Students must fulfill eight criteria — called "Alverno Abilities" — covering different topics, Kujala-Korpela said.
"If we don't fulfill the criteria, we don't pass," Kujala-Korpela said.
And though a paper may come back with an "S," students say teachers will provide them with constructive criticism.
"Teachers give us really good feedback," Dreger said. "(They'll say), 'It's really good on this part, (or) you need to improve on this part.' It's a nice way of kind of learning what you're good at and what you kind of need to build up."
Slattery said the non-traditional grading system made her undergraduate work at Alverno easier.
"It took so much stress off just passing instead of getting an A," she said. "I didn't realize the stress grades put on you. Here (at Marquette) I'm constantly worried about getting A's."
Slattery said she thinks the Alverno grading system isn't looked favorably upon.
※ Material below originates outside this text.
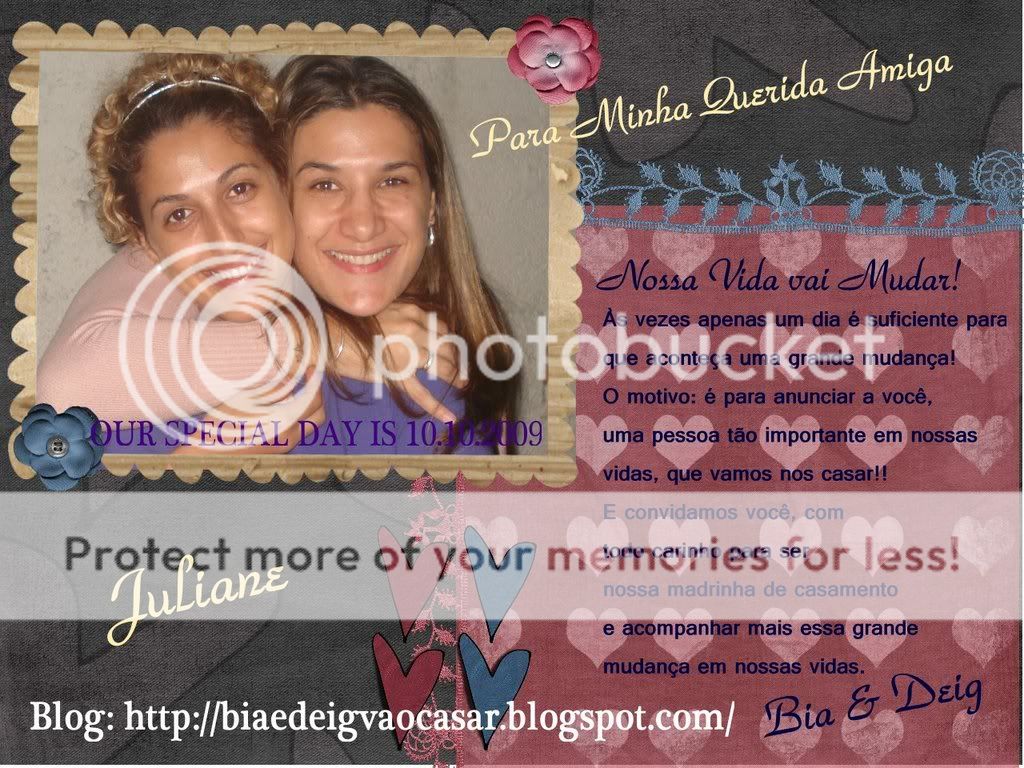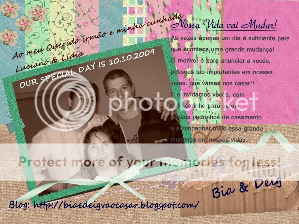 Queremos que vocês, pessoas tão importantes, que acompanharam tantas mudanças, físicas, sentimentais, profissionais, cor de cabelo, carro, nariz... aceitem acompanhar mais essa grande mudança em nossas vidas. Queremos que façam parte viva desse momento mais que especial, dessa mudança tão grandiosa, onde passaremos a ser um só por toda a vida.Escolhemos vocês por serem pessoas queridas que sempre estiveram ao nosso lado, compartilhando sorrisos, nossos sonhos e nossas lágrimas... Para compartilhar mais este momento...
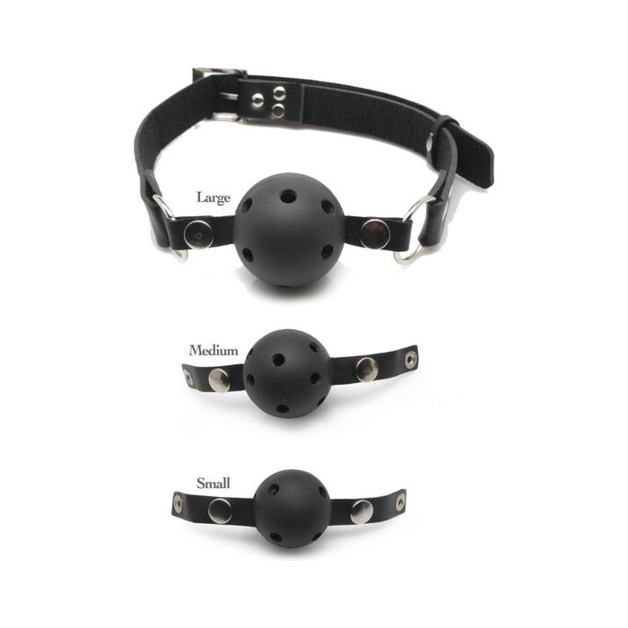 Cada bola es intercambiable con los broches de presión, fabricada de plástico no tóxico y equipado con agujeros para facilitar la respiración. La correa resistente de cuero negro se ajusta fácilmente para adaptarse a la mayoría de los tamaños.

Having been accepted by nine out of 11 law schools she applied for, she said the other two might have rejected her because of it.
Alverno does provide a GPA if requested based on feedback from teachers, Slattery said.
Though there may not be as much stress to get a 4.0 grade point average, in-depth student projects are challenging, said Becca Surges, a junior majoring in professional communication.
In her advanced writing class, Surges was part of a public relations team that presented a marketing campaign to real professionals in the field, a real life experience "which is a little scary," she said.
Kujala-Korpela said despite the absence of a traditional grading system, school is stressful for her.
"It really pushes you," she said. "It's a good thing and a bad thing. You learn what you're made of."